No solo los colegios profesionales o los sindicatos viven inmersos en un debate sobre su futuro; también las sociedades científicas miran hacia el horizonte y parecen surgirles más dudas que certezas. La crisis ha modificado por completo el campo de juego en el que venían desarrollando sus actividades y las dificultades que afrontan son de tal alcance que, en algunos casos, lo que se dirime es la supervivencia de la propia asociación.

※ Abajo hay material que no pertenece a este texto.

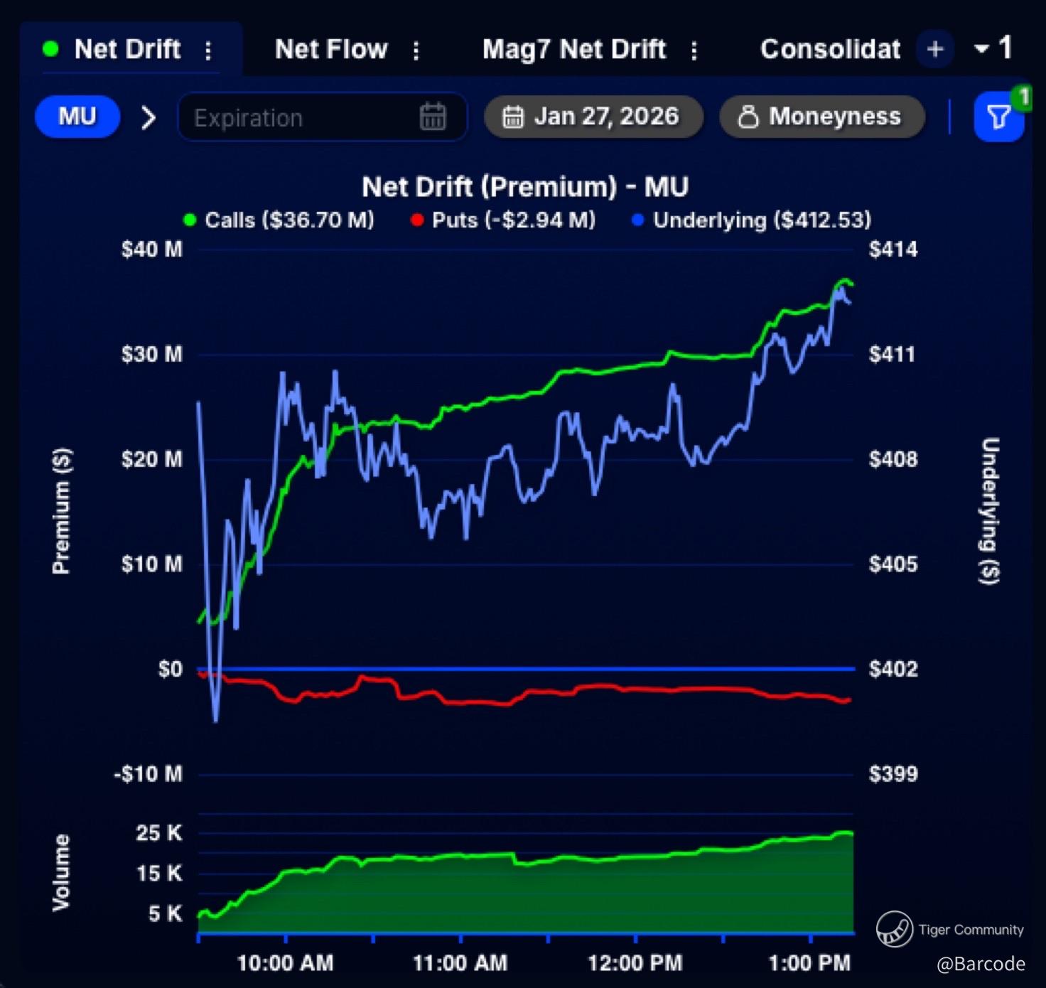 At the same time, $MU is the top unusual options stock intraday, with $36M+ in single-leg calls bought.

Su papel en el sector está consolidado, es reconocido y respetado y, en algunas funciones, es hoy por hoy insustituible. Sobre todo, en lo concerniente a la formación continuada (FC) de los médicos. Según se ha puesto de manifiesto en un debate organizado por Sanitaria 2000, editora de Redacción Médica, el título de médico especialista no puede ser, en sí mismo, una garantía de asistencia sanitaria de calidad. Son necesarios los programas de FC que actualicen los conocimientos de los profesionales y que preparen el terreno a la llegada de un sistema de acreditación o validación, que permita comparar, evaluar, exigir, y llegado el caso, premiar y hasta sancionar.
Son precisamente las sociedades científicas las que hacen posible la FC de sus asociados. Y en esta labor no disponen del apoyo de las administraciones, que no parecen sentirse convenidas por la necesidad de que sus profesionales no solo estén debidamente titulados, sino que además, tengan sus conocimientos en perfecto orden de revista, actualizada lo máximo posible. Hasta hace unos años, era la industria, principalmente farmacéutica, la que apoyaba la labor de las sociedades científicas, pero el imparable cambio de su rol patrocinador ha dejado una profunda huella en el sector: ya nada será igual que antes, porque, entre otras cosas, así lo establecen los respectivos códigos deontológicos o de transparencia, tanto de Farmaindustria como de la Facme.
Así las cosas, las sociedades se preguntan cómo subsistir en un escenario sin apenas apoyo institucional y muy escaso de carácter financiero. La primera medida ha sido evidente: todas se han apretado el cinturón, y como todo hijo de vecino en estos años de crisis, han reducido gastos y generado ahorros. Además, las más avanzadas, o simplemente las más despiertas, han comenzado a explorar posibilidades de encontrar nuevas vías de financiación que vayan más allá de la cuota de los socios.
El término ideal es el de autofinanciación, pero no es fácil lograrlo. Las sociedades quieren mantener la relación con la industria, pero basándola ahora en acuerdos de colaboración de igual a igual, que sean provechosos para ambas partes. Además, también pretenden descubrir nuevos nichos en los que su ascendencia científica sea bien considerada por marcas o empresas con interés en el sector sanitario. De ahí que se haya hecho más habitual en las sociedades más grandes la figura del gerente para dinamizar su lado más empresarial.
Con todo, la obtención de nueva financiación no puede ser un objetivo a cualquier precio. Las sociedades deben tener muy presentes los conflictos de interés y la ética exigible a su naturaleza científica que, en ningún caso debiera ser quebrada, so pena de que se termine por lastimar su esencia misma.
Pese a la dificultad del momento, que seguramente no va a cambiar de la noche a la mañana, es bueno que las sociedades científicas vayan abriendo internamente y entre todas, con la Facme como necesaria maestra de ceremonias, el debate sobre su financiación, que no es sino preocuparse sobre su futuro y sobre la imprescindible labor que tienen para con los profesionales.